Erik relaxed visibly after Kai left. If anything ever happened to her, she wondered if Erik would kill Kai. She was confident he’d make sure Errol was taken care of, but she worried about Kai.

“What did you mean, ‘things could get bad out there’?”

Erik turned on the TV, tuned it to the channel that was not a channel—the Eye in the Sky, the live feed only defenders could access. He tuned it to a surveillance camera on a street corner in a city Lila didn’t recognize, where defenders were going berserk. The air was hazy; in the background smoke poured from the broken windows of a wide, flat building Lila recognized as the Moscow production facility. They were pulling people out of a grocery store and lining them up against the wall. A defender was going down the line and shooting each person in the head. Three men broke away from the wall and ran: They were torched by a defender with a flamethrower. In the street, four defenders in a jeep were strafing the upper floors of office buildings with automatic weapons.

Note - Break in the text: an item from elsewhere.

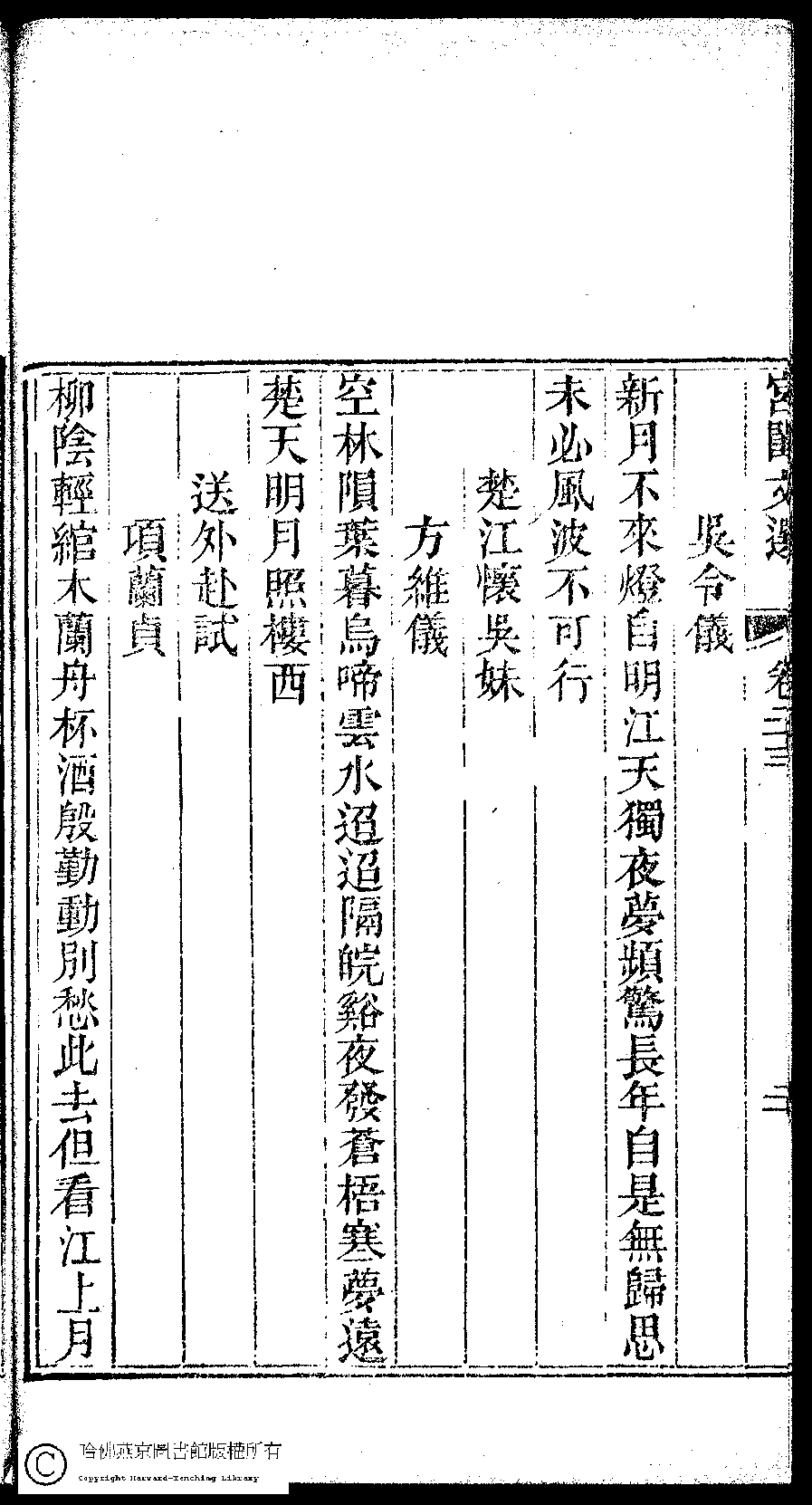| (PRINT FRIENDLY VERSION) 宮閨文選:二十六卷,姓氏小錄 : 一卷(清周壽昌輯訂)。道光二十六年(1846)開雕 ![]() 頁碼 : 23.20b | 点 击 放 大 | 返回 |

“I’m so relieved you weren’t involved in this. I knew you wouldn’t be.”

Lila looked at her hands, to avoid having to watch the screen. Most of the people being butchered hadn’t been involved in it, either.

“They’re going to execute the woman who impersonated you tomorrow. Why don’t you join me for the execution? I have excellent seats.”

After nearly choking with surprise, Lila managed to say, “I’d like that.” Erik had presented it as an invitation, but Lila knew he wasn’t asking her, he was telling her. Her presence would prove her loyalty and give the other defenders in power a chance to see what had been done to her face.

71

Dominique Wiewall

October 18, 2047. Ellesmere Island, Nunavut, Canada.

She wasn’t sure whether to feel ecstatic or dejected. They’d disabled five production facilities, but not seven. When those two were added to the Easter Island facility, the defenders could still roll out about 80 percent of the new troops they’d planned, if they ran the facilities full tilt, cracked the whip on the technicians. Security would be super-tight at those remaining facilities, so hitting them again wasn’t an option.

Someone knocked. “Come in!” she called, hoping it was Forrest.

It was. Gasping from the cold, he pulled off his gloves, a big, goofy smile on his face.

“What?” Dominique said.

“Nothing.” He went on smiling.

“What?”

“Have dinner with me?”

Dominique gave him a puzzled look. They had dinner together every night, though usually he didn’t phrase it quite like that. Usually it was “You going to dinner?” or “You ready?”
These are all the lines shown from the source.